We cannot accept the proposition that, somehow or other, having fewer resources available to these mental health services will give a better mental health outcome for these people. It clearly will not. It is an absolute disgrace that the people who most need access to these services, who live in remote parts of Australia, have effectively been denied access to these services because of this reduction in funding.

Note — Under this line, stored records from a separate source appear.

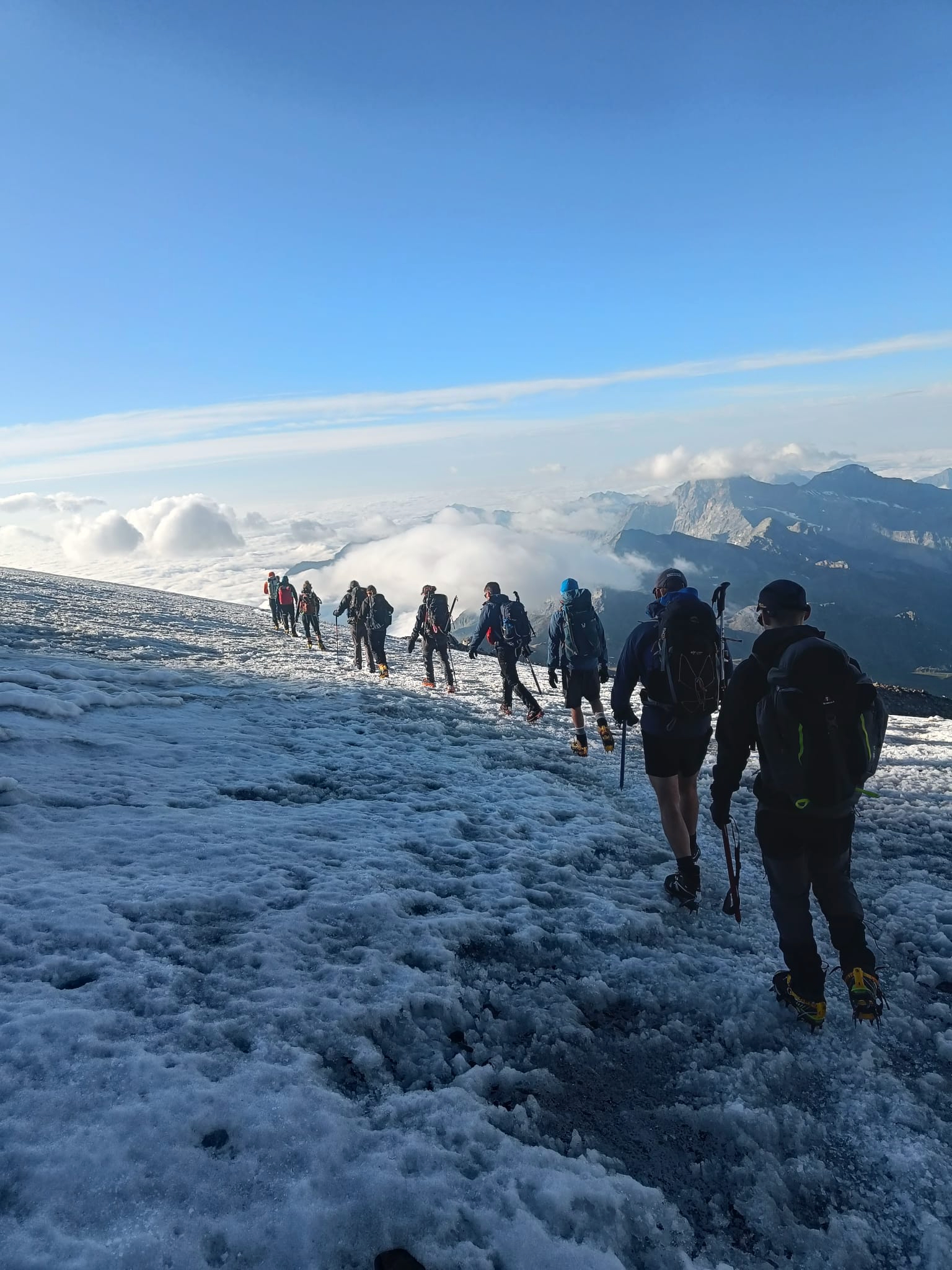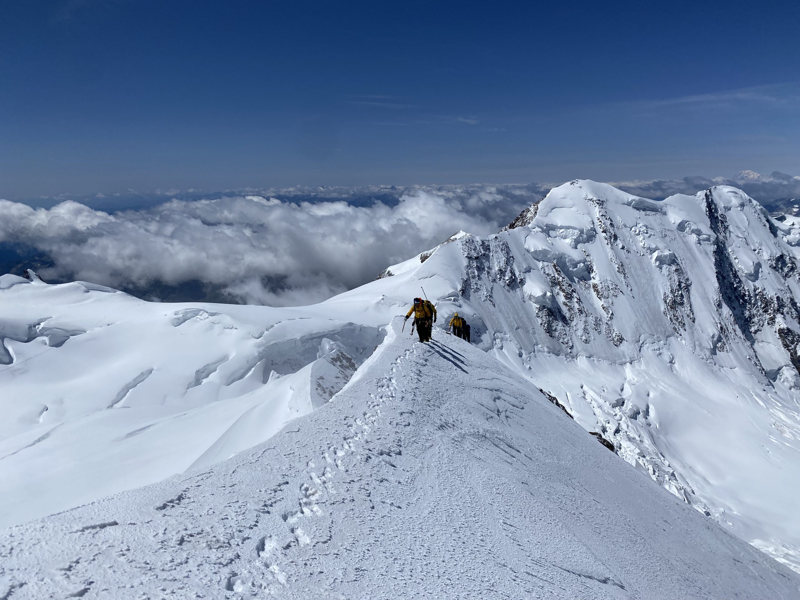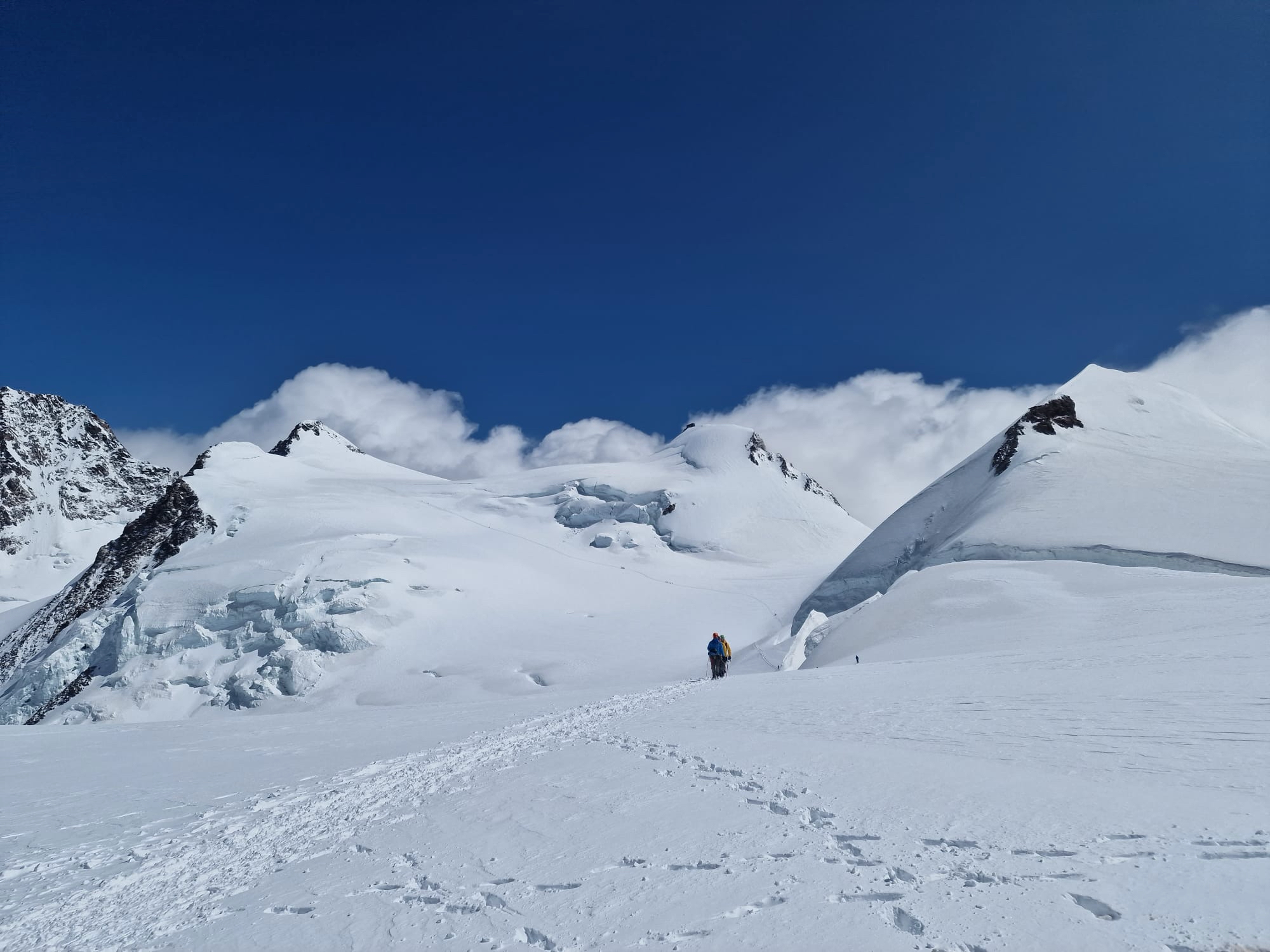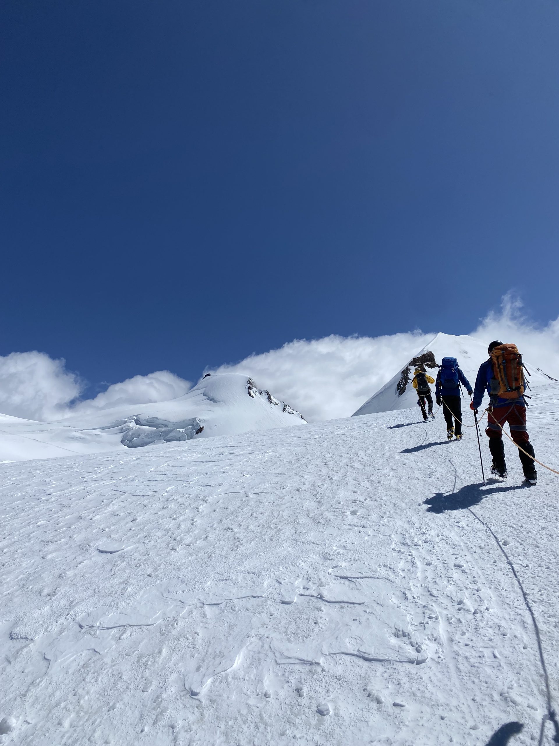 However, our first night over 4,000 m took many victims, with over half of the team displaying symptoms of acute mountain sickness by the following morning. Those of the group who were feeling well enough took the opportunity to submit two of the local peaks over 4,00 m: Parrotspitze (4,432 m) and Zumsteinspitze (4,563 m). Parrotspitze is a beautiful ridge with sharp drops either side, giving very dramatic views. For those more familiar with English hill walking, it could be likened to a significantly higher, snowier Striding Edge (Lake District). The second ascent, Zumsteinspitze, was an approximately 500 m snow-covered scramble: physically tough but immensely rewarding. The peak provided marvelous views across the rest of the Monta Rosa Massif.
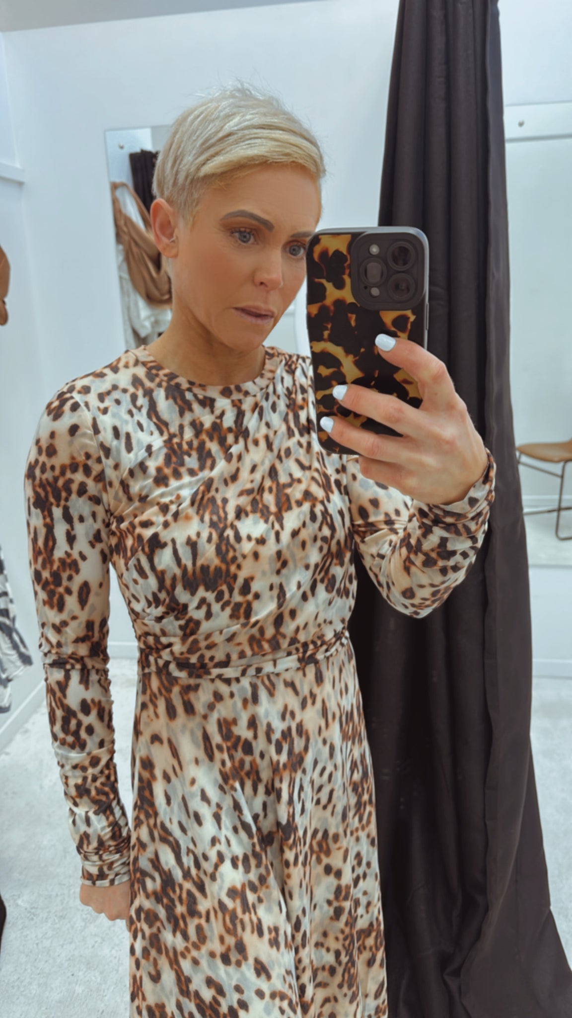Wrap front Dalmatian print long sleeve dress
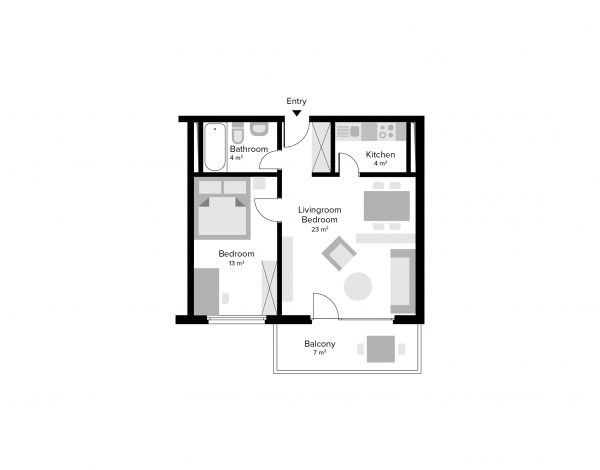 In comparison to the 1 room apartment, the 2 room apartment on Spannortstrasse has a separate bedroom. Especially for two people, this additional room provides a nice retreat. The fully equipped kitchen includes a four-person crockery set, kettle, toaster, microwave, pans and pots as well as a Nespresso machine - a practical gadget, that will help you to wake up easier in the morning. The warm bathroom with its built-in tub invites you to a hot bath when the temperatures are cold outside. The serviced apartment comes also with a Smart TV and has unlimited high-speed internet. The generous balcony invites you to have a glass of wine on a beautiful summer evening with an amazing view over the city of Lucerne.
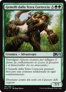 | Rules | Trample (This creature can deal excess combat damage to the player or planeswalker it's attacking.) Ghastbark Twins can block an additional creature each combat. |
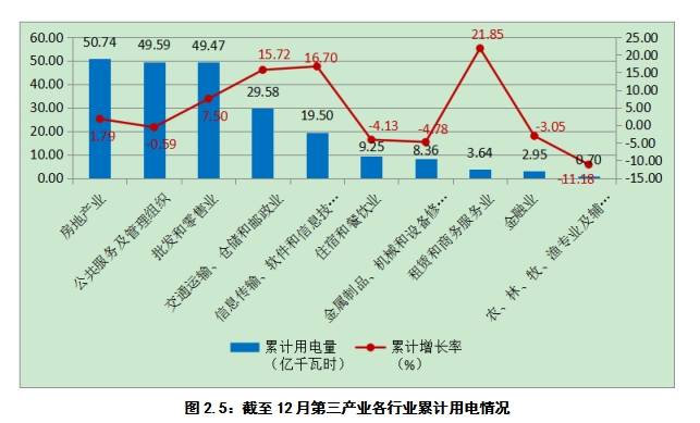 第三产业,租赁和商务服务业累计用电同比增速最高,为21.85%。从数据分析可看出,成都市信息产业、交通运输业发展向好。新冠肺炎疫情爆发后,房地产业、住宿餐饮业等均不同程度受到影响,第三产业累计用电增速放缓。目前,批发和零售业、租赁和商务服务业用电恢复较好。

There can be no excuse. I do not care what state the budget is in; this is an essential service. You would not tolerate this if it were on the North Shore of Sydney. But it is not on the North Shore. It is in small, remote, isolated Aboriginal communities where people are underprivileged and disadvantaged and have high levels of chronic disease which as a result of the GP co-payment issue are likely to go unaddressed for long periods of time and which as a result of the co-payment issue from medicines will mean that they do not buy medicines to address their chronic disease. At the same time, they will not be seeking access to doctors and other medical professionals to undertake preventive health checks, because they will not be able to pay or will not be prepared to pay the co-payment.

Whose fault is this? Again, it is not my fault; it is not the Leader of the Opposition's fault; it is the Prime Minister's fault and the fault of Minister Dutton. They will not own up to that responsibility, they will not accept that responsibility, they will obfuscate and they will tell us all sorts of porkies about what in fact is happening, but we know, on the ground, what the impact of these measures will be.

The people of Australia are not fools. They can see right through the rhetoric coming out of this government and they understand the impact these changes will have on them and their families. I say to the government: it is not too late to change your ideas. You need to fix this issue and remove this ridiculous prospect of a co-payment on medicines.